MAY 15, 2015 01:19 PM PDT

Is Osteosarcoma Inherited?

While osteosarcoma, the most common type of cancer that starts in the bone, is rare, the consequences can be devastating. About 800 new cases of osteosarcoma are diagnosed in the United States each year, and about half are in children and teens. Osteosarcomas account for about 2% of childhood cancers and a much smaller portion of adult cancers, according to the American Cancer Society (http://www.cancer.org/cancer/osteosarcoma/overviewguide).
Teen osteosarcoma may be inherited.
Now a new study indicates that inherited variations in a known tumor suppressor gene among children and adolescents with osteosarcoma are more common than researchers believed. While older patients who are prone to this type of cancer did not have mutations in the gene, known as TP53, the study showed that the genetic susceptibility to young onset osteosarcoma is distinct from older adult onset osteosarcoma. Published online April 20, 2015, in the Journal of the National Cancer Institute, the research was conducted by Lisa Mirabello, Ph.D., of the National Cancer Institute's (NCI) Division of Cancer Epidemiology and Genetics, a division of the National Institutes of Health (NIH) (http://www.cancer.gov/news-events/press-releases/2015/osteosarcoma-tp53-inherited-gene-mutation-adolescents).
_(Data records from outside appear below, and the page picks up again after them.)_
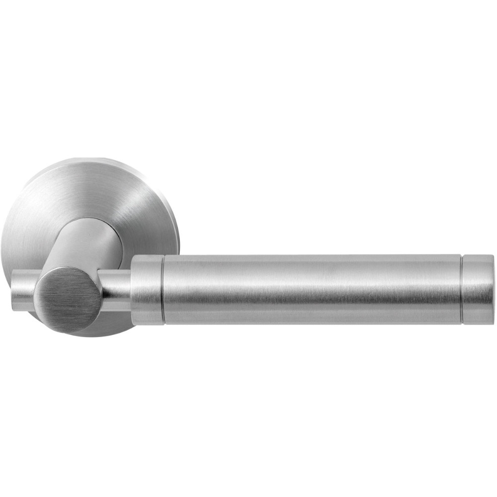 RVS geborsteld/RVS gepolijst deurkruk Moko duo op ronde rozet, 50×8 mm.
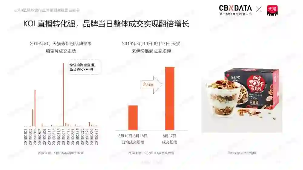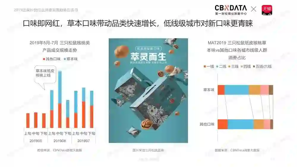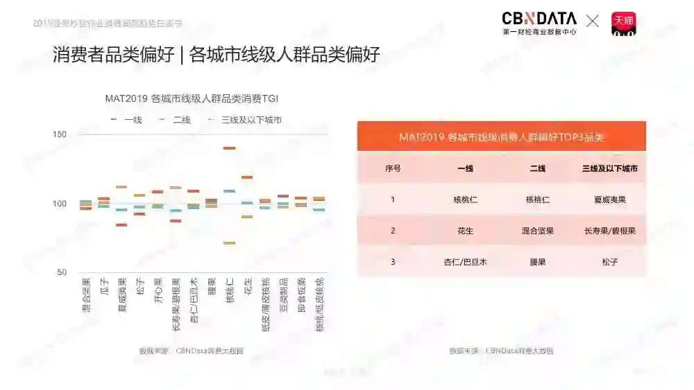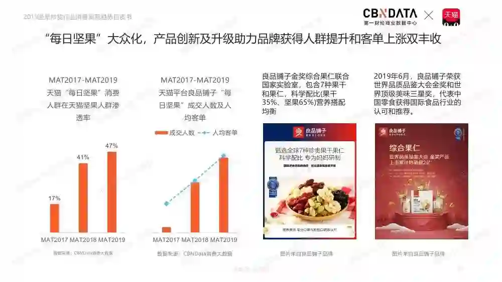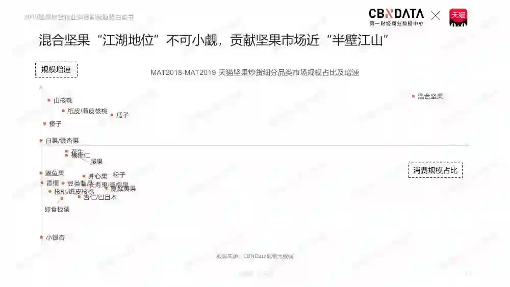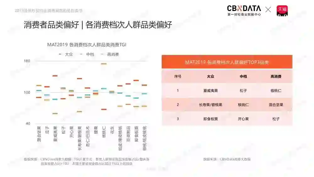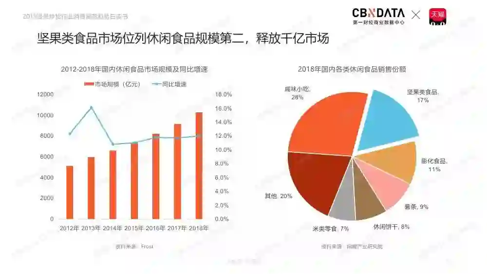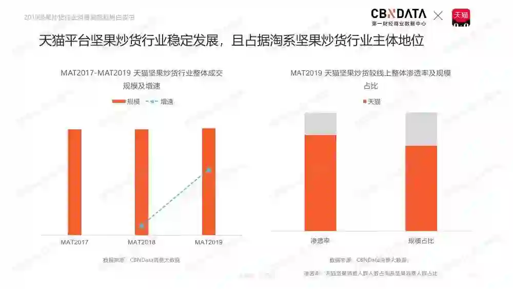 坚果类食品市场位列休闲食品规模第二,释放千亿市场。天猫平台坚果炒货行业稳定发展,占据淘系坚果炒货行业主体地位。
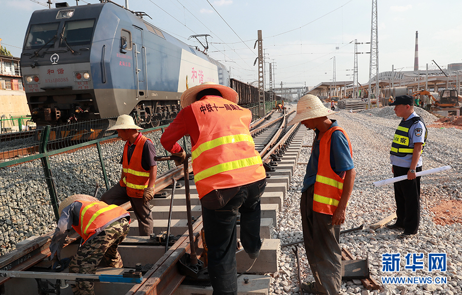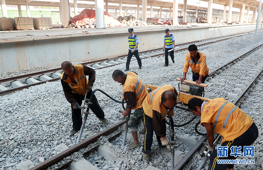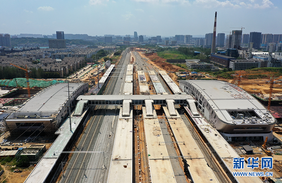 武漢東站主體工程近日已基本完成,千餘名建設者冒著高溫抓緊進行鋪軌、電氣化設施安裝、站房裝飾裝修等施工,計劃年底通車。
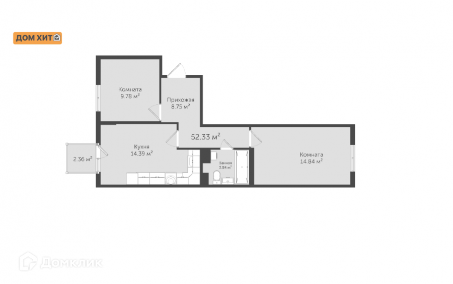 Общая площадь 52.33 м2
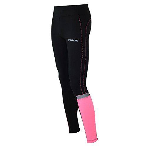 Airtracks, pantaloni da corsa da donna, a compressione, traspiranti, riflettenti, colore: rosa fluo, Donna, Pink, M
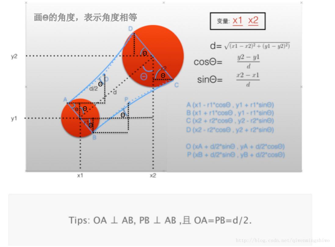 //獲取兩個(gè)圓之間的距離CGFloat distance = [self distanceWithSmallCircle:self.smallCircle bigCircle:self];if(distance<=MAX_DIST){//只有距離不超過(guò)最大距離才計(jì)算小圓半徑 //計(jì)算小圓的半徑 //小圓半徑最小的時(shí)候是MIN_RADIUS,這個(gè)時(shí)候兩個(gè)圓達(dá)到最大距離MAX_DIST //小圓半徑最大的時(shí)候是原始半徑,這個(gè)時(shí)候兩圓距離是0 //處于前面兩者之間的時(shí)候,小圓的半徑是:MIN_RADIUS + (原始半徑 - MIN_RADIUS)/MAX_DIST * (MAX_DIST - 當(dāng)前的距離) CGFloat smallR = self.bounds.size.width * 0.5; smallR = MIN_RADIUS + (MAX_DIST-distance) * (smallR-MIN_RADIUS)/MAX_DIST; //重新設(shè)置小圓的尺寸 self.smallCircle.bounds = CGRectMake(0, 0, smallR*2, smallR*2); //重新設(shè)置小圓的半徑 self.smallCircle.layer.cornerRadius = smallR;}else{//超過(guò)了最大距離 self.smallCircle.hidden = YES;}第五步:創(chuàng)建大小圓之間的連接部分。連接部分我們需要?jiǎng)?chuàng)建一個(gè)形狀圖層(CAShapeLayer)――它可以根據(jù)一個(gè)路徑生成一個(gè)形狀。
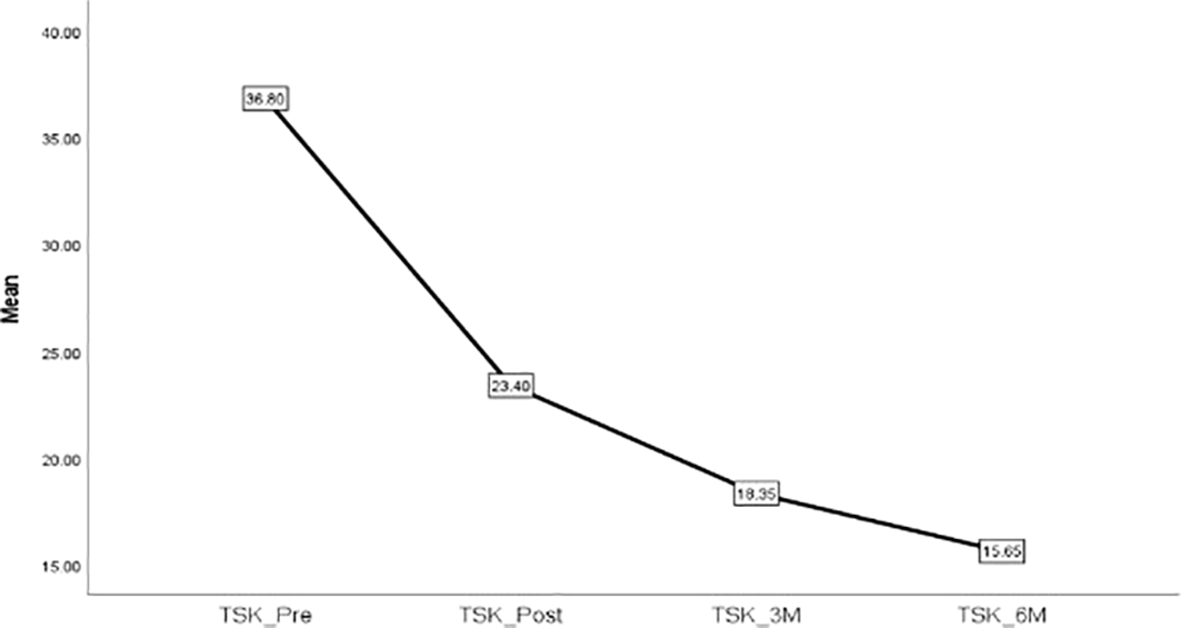 Figure 9 shows the timeline changes in TSK scores in patients with FS.
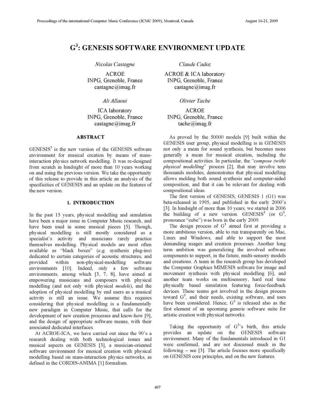 GENESIS3 is the new version of the GENESIS software environment for musical creation by means of mass-interaction physics network modeling. It was designed, and developed from scratch, in hindsight of more than 10 years working on and using the previous version. We take the opportunity of this birth to provide in this article (1) an analysis of the peculiarities in GENESIS, aiming at highlighting its core ?software paradigm?; and (2) an update on the features of the new version as compared to the last.
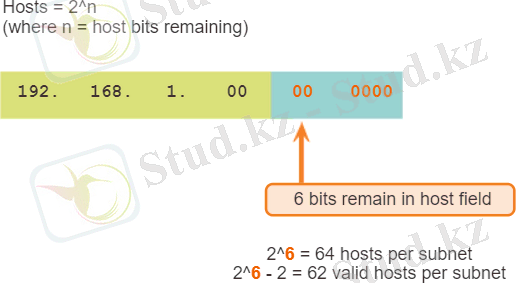 Хосттар санын есептеу үшін соңғы октетті зерттеңіз. Ішкі желі үшін 2 бит алғаннан кейін, 6 хост бит қалады.

The occurrence of osteosarcoma is highest in people between the ages of 10 and 19. People with certain rare, inherited cancer syndromes have an increased risk of getting the disease. One of the syndromes is Li-Fraumeni syndrome (LFS), which the NCI study describes as "a cancer predisposition syndrome that is most often caused by germline or inherited mutations in the TP53 gene." Thus, according to the study, "LFS results in a constellation of tumors, often occurring at very young ages. Osteosarcoma can also occur in families that are not known to have LFS. The role of inherited TP53 mutations in osteosarcoma patients not known to have LFS is not very well understood."

In order to understand the relationship between TP53 mutations and osteosarcoma, the NCI researchers sequenced the TP53 gene in a random set of 765 osteosarcoma patients. This represents the largest population evaluated for these mutations thus far. DNA was extracted for sequencing from cells found in the blood or in tissue in the mouth of the patients. DNA from the patients' tumors was not obtainable.

Dr. Mirabello explained, "We found a higher than expected prevalence of TP53 mutations in young patients. In particular, we observed mutations known to be associated with Li-Fraumeni syndrome as well as rare and potentially highly damaging novel genetic changes. Some of these changes were associated with risk of metastasis at diagnosis, as well as lower survival independent of the presence of metastatic disease."

While the prevalence of the TP53 gene in osteosarcoma patients had been reported as approximately 3 percent prior to this study, the NCI researchers found that among the young (less than age 30) osteosarcoma patients, 3.8 percent carried an LFS-associated mutation in the TP53 gene and 5.7 percent carried a rare TP53 variation of the gene, for a total prevalence of TP53 mutations of 9.5 percent. On the other hand, none of the older osteosarcoma patients had an LFS-associated mutation.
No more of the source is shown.